Parmi les dizaines de tweets décrivant la lâcheté d’Emmanuel Macron face aux jeunes arabes armés de Dijon,
j’en ai retenu un qui résume tout.
Celui de Damien Rieu qui présida aux
destinées de Génération Identitaire avant d’en démissionner.
« Une
banderole contre le racisme anti-blanc déployée 15 minutes par 12 gamins
aura créé plus d’indignation médiatique et politique qu’une guerre
entre 300 Tchétchènes et narcotrafiquants à Dijon ».

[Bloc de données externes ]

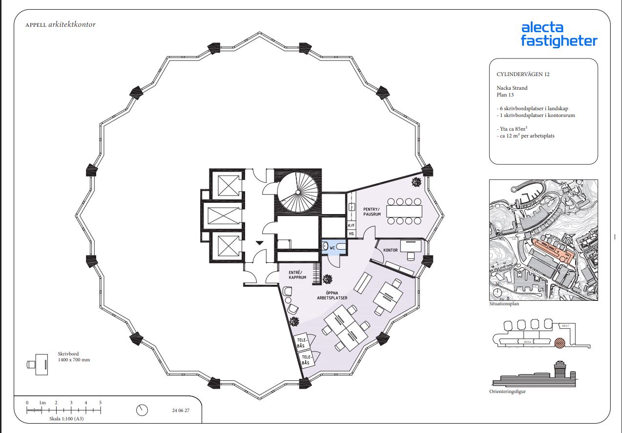 Med sin placering på plan 13 så erbjuder kontoret en fantastisk utsikt som inspirerar varje arbetsdag. Området erbjuder dessutom all tänkbar service såsom restauranger, gym, mataffär, blomsteraffär och mycket mer – allt för att underlätta arbetsvardagen.

Car la réalité elle est là !
Ce qui aurait du faire
la une de tous les journaux imprimés et télévisés n’a de fait guère ému
nos journalistes.
Et pourtant,cette réalité, grâce aux vidéos tournées
par ces « chances pour la France » pour montrer combien ils nous
défient, nous éclate aux yeux.
Combien de banlieues sont-elles ainsi
prêtes à livrer bataille ?
Les armes y circulent librement.
Kalachnikov, Magnum, grenades, fusils à pompe.
Elles sont là,
dissimulées dans les caves inaccessibles à la police.
Et c’est en toute
sérénité que lundi, à Dijon, aux
Grésilles,
l’un de ces quartiers qui n’appartient plus à la République, ceux qui
se proclament arabes et musulmans devant les objectifs de leurs
portables appuient à qui mieux mieux sur de multiples gâchettes pour
détruire les caméras de sécurité.
Et quelle est la réponse du Gouvernement ?
L’envoi
de Nunez sur place, après le déluge, gendarmes mobiles et policiers
envoyés en renfort et quelques rares arrestations.